Jesse knew that goddamn feeling.
He shut the door on ’em both.
Then he went to go look for Kasper and Little B. Shit was getting serious, and it was maybe time to find out exactly what that little wetback girl from the Wikiup knew . . .
21
Harp was sitting in his own car, not his department truck, watching Main Street and sipping a Coke with just a touch of Firestone & Robertson.
It was still Jackie’s car, that’s how he saw it. That’s how it still felt. There were all her old grocery lists still in the center console, and in the glove compartment there was a lost earring—a hoop with a gold shamrock—that had never found its companion. The car still smelled like her. He couldn’t help thinking of all the times she’d sat right here in this seat, taking another damn call from him; how something had come up at work, how he was going to be late . . . again. He imagined her talking to him on the phone but looking at herself in the rearview mirror, her hazel eyes getting older, wondering where all the years they were supposed to spend together were going. All those days, all those hours, forever lost behind her and disappearing in that mirror like whatever road she was driving on.
They’d never even owned a second car. There had never been a need, as long as he’d had a department patrol car or unmarked to drive.
He’d promised again and again that when he retired things were going to be different for them.
He’d promised her that.
He took another long sip.
Things definitely were.
* * *
• • •
BRIGHT AND EARLY the morning after they got back from Lubbock, Harp had caught Chris in his office reading up on the Aryan Brotherhood of Texas and Thurman
Flowers and his Church of Purity. There was nothing church-like about it; it was just another dime-a-dozen white-power hate group. The sheriff had found videos somewhere online of Flowers’s speeches or sermons, all sorts of things he’d written, and had gone through them all. Despite everything Nichols and Dyer had told them, Chris had checked and double-checked it all himself, trying to understand exactly who they were dealing with in Killing, and what Danny Ford had gotten himself into.
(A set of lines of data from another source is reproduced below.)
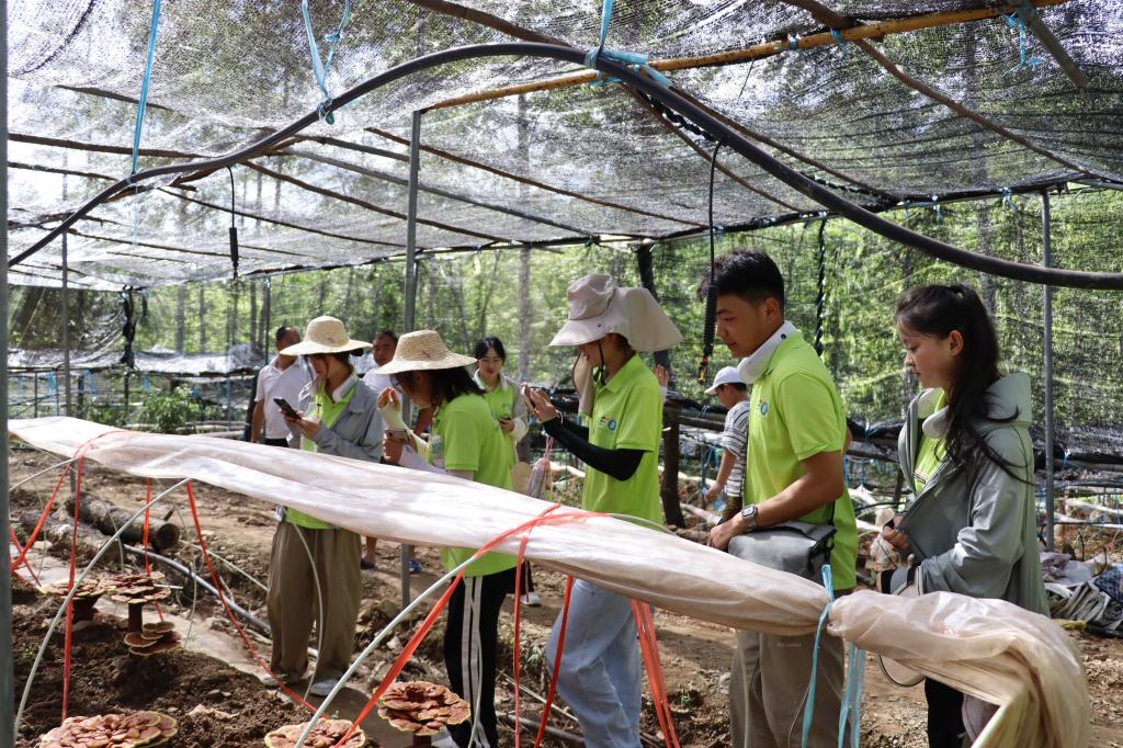 活动期间,实践团走进云乐镇陈岭村的灵芝种植基地,深入了解灵芝的种植、培育与产业发展。据了解,陈岭村于2018年申报了全国“一村一品”灵芝示范村,以林下野生灵芝种植建设项目为依托,大力发展灵芝产业。通过参观,师生们对旌德县在乡村振兴道路上的探索与实践有了更深刻的认识,他们亲身感受着乡村产业的蓬勃活力,触摸到乡村振兴的强劲脉搏。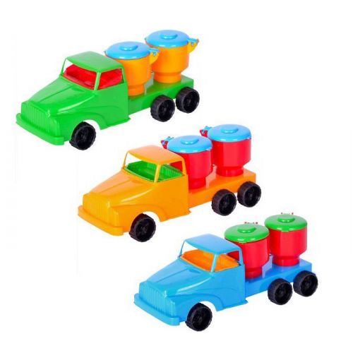 Машинка пластиковая 'Денни'. Маленькая, пластиковая, с 2 бидонами. С откидным кузовом. Разные цвета.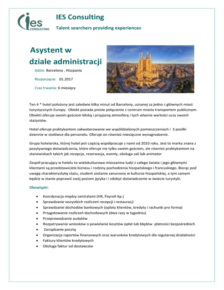 IES Consulting Talent searchers providing experiences Asystent w dziale administracji Gdzie: Barcelona , Hiszpania Rozpoczęcie: 01.2017 Czas trwania: 6 miesięcy Ten 4 * hotel położony jest zaledwie kilka minut od Barcelony, uznanej za jedno z głównych miast turystycznych Europy. Obiekt posiada proste połączenie z centrum miasta transportem publicznym. Obiekti oferuje swoim gościom bliską i przyjazną atmosferę i tych własnie wartości uczy swoich stażystów. Hotel oferuje praktykantom zakwaterowanie we wspóldzielonych pomieszczeniach i 3 posiłki dziennie w stołówce dla personelu. Oferuje on również miesięczne wynagrodzenie. Grupa hotelarska, której hotel jest częścią współpracuje z nami od 2010 roku. Jest to marka znana z pozytywnego doświadczenia, które oferuje nie tylko swoim gościom, ale również praktykantom na stanowiskach takich jak recepcja, rezerwacja, eventy, obsługa sali lub animator Zespół pracujący w hotelu to wielokulturowa mieszanina ludzi z całego świata i jego głównymi klientami są przedstawiciele biznesu i rodziny pochodzenia hiszpańskiego i francuskiego. Biorąc pod uwagę charakterystykę stażu, student zostanie zanurzony w kulturze hiszpańskiej, a tym samym będzie w stanie poprawić swój poziom języka i i zdobyć doświadczenie w świecie turystyki. Obowiązki: Koordynacja między centralami (HR, Payroll itp.) Sprawdzanie wszystkich rozliczeń recepcji i restauracji Sprawdzanie dochodów bankowych (opłaty klientów, kredyty i rachunki pro forma) Przygotowanie rozliczeń dochodowych (dwa razy w tygodniu) Przeprowadzanie audytów Rozpatrywanie wniosków o powielanie kosztów opłat lub błędów płatności bezpośrednich Zarządzanie pocztą Organizacja raportów finansowych oraz warunków kredytowych dla regularnej działalności Faktury klientów kredytowych Obsługa faktur od dostawców Poszukiwany profil: Umiejętności komunikacyjne Doskonała organizacja, dbałość o szczegóły Zaawansowana znajomość programu Excel Doświadczenie w finansach będzie dużym plusem Studia: Finanse, Administracja, Ekonomia Poziom językowy: Hiszpański poziom B2 Oferujemy: Wynagrodzenie 235€/miesięcznie + zakwaterowanie + wyżywienie Aplikuj teraz! Prześlij nam swoje CV w wersji angielskiej na [email protected] lub zarejestruj się na naszej stronie internetowej: http://www.ies-consulting.pl/formularz_dla_studenta.php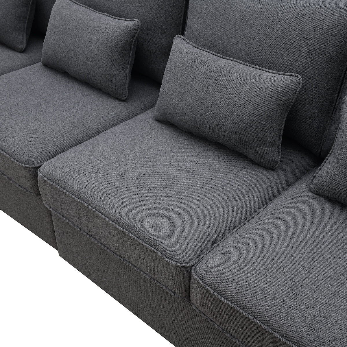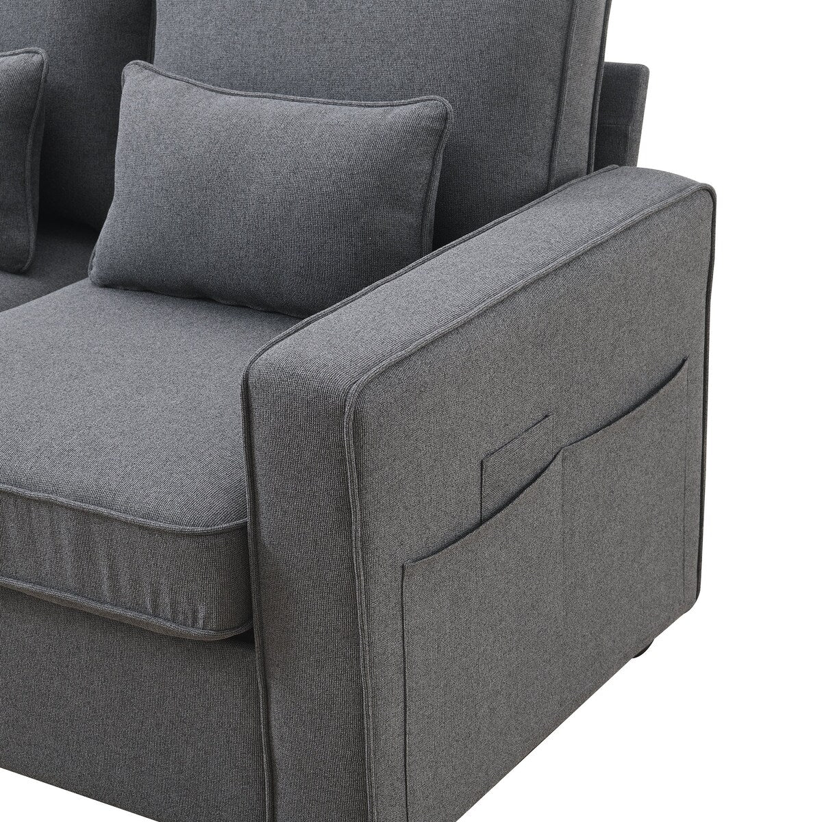 Canapé 4 places en lin moderne avec accoudoirs, poches et 4 coussins
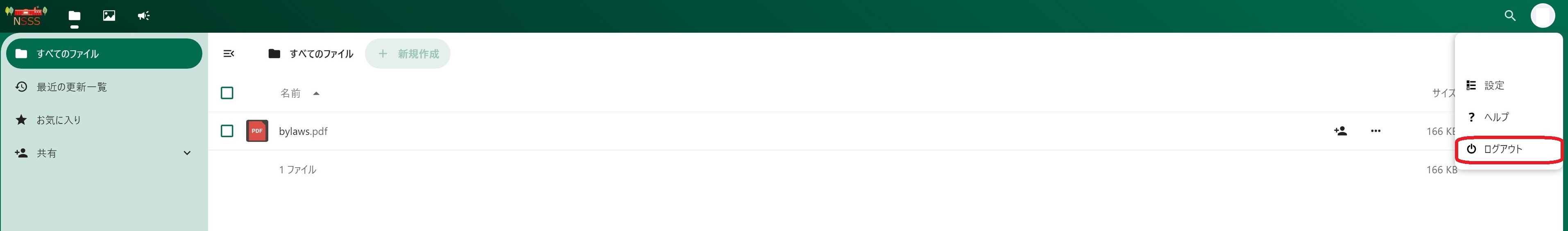 ログアウトする場合は画面左の丸いアイコンをクリックしてログアウトします。

After Chris had finished with it, he’d left it piled up for Harp on the middle of his desk. But he hadn’t looked through any of it. He didn’t need to read that shit to know what sort of men Flowers and Earl were.
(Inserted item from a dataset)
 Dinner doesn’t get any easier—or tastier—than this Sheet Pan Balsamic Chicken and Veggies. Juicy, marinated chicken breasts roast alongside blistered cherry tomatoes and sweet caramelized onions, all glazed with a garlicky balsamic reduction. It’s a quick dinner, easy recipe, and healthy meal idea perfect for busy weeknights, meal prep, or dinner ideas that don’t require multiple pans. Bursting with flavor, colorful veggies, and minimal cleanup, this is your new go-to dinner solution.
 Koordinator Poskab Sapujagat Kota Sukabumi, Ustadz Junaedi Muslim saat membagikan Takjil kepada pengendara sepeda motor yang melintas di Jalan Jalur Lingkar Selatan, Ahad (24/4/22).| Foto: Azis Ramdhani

Harp had just about decided everything with the Earls and Danny was going to end right there, with a bunch of papers on his desk, until yesterday, when Chris had walked in while Harp was drinking a coffee and bullshitting with Till Greer and added two final pages to the top. Chris had tapped them, hard, and told Harp without smiling he might actually want to read these.
Harp had pulled them off the stack to find they were signed and sealed DNA warrants for T-Bob and Jesse Earl.
* * *
• • •
CHRIS HAD LATER EXPLAINED his reasoning like this: assuming someone in the Big Bend County Sheriff’s Department decided it was worth meeting with Danny Ford, the only realistic chance was to get him away from Killing. They had no cell phone number for him, no easy way to contact him directly, and he might not even take their calls if they did. But maybe, just maybe, they could get him to come to them again, and not even realize it. That’s what had gotten Chris thinking about those DNA warrants Harp had asked about before they went to Lubbock. If Jesse and T-Bob were forced to come back to Murfee, Danny might be the one to drive them a second time, like he had the first. And while the other two were inside the department getting their DNA swabs, there might be a few minutes to get him alone. If he wouldn’t listen, so be it. But at least they could say they tried.